# Which is the correct diagram (synchronous alternator varying PF)

• jaus tail
In summary: With alternator running at rated V(t) and current, what happens if I(a) is reduced to zero(This means open circuit right?)Book says that no load voltage may rise or fall depending on the load pf. But why?If I(a) is zero then load pf must have no effect on excitation voltage.
jaus tail
Hi,

Sorry this question may be silly but I have an exam on 11th Feb on machines, maths and electronics.

Book had two diagrams for alternator external characteristics. But then which one of 2 diagrams is right?
Book says:
For zero pf loads, it is seen V(t) = E(f) +/- I(a)X(s)

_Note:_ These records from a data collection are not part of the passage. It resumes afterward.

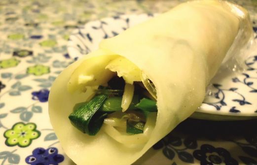 Ce n'est pas un rouleau de printemps sur la photo, c'est une crêpe fine cuite à la vapeur garnie de légumes et oeufs. On l'appelle "crêpe de printemps". En Chine pour fêter le début du printemps, on sert ces crêpes avec différents légumes, oeufs et viande précuits. Pour ceux [...]
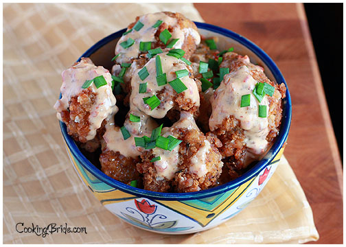 Double battering the shrimp ensures a super crispy coating. And the sauce is creamy, tangy, and spicy. According to The Husband, it was the best thing I have ever fried.
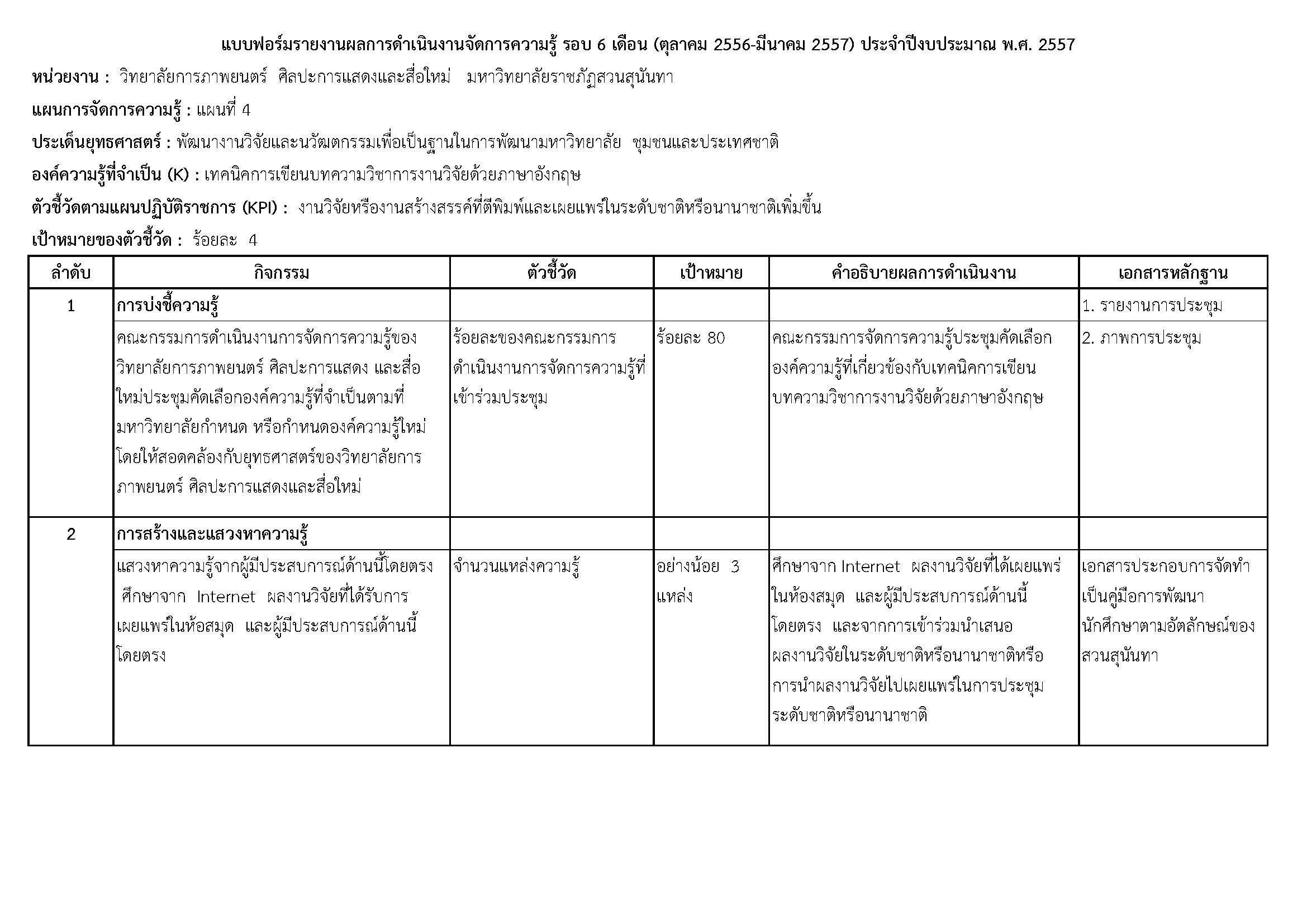 / รายงานผลการดำเนินงานจัดการความรู้ รอบ 6 เดือน วิทยาลัยการภาพยนตร์ฯ

But then book says that left diagram is for no load, then why is I(a) varying as in (on a scale). For no load, I(a) = 0. So terminal voltage must be constant horizontal line.

Then for right diagram book says:
With alternator running at rated V(t) and current, what happens if I(a) is reduced to zero(This means open circuit right?)
Book says that no load voltage may rise or fall depending on the load pf. But why?
If I(a) is zero then load pf must have no effect on excitation voltage.

Book says that E(f) > V(t) at lagging load. And E(f) < V(t) for leading loads. But I'm not understanding why the above two graphs are different?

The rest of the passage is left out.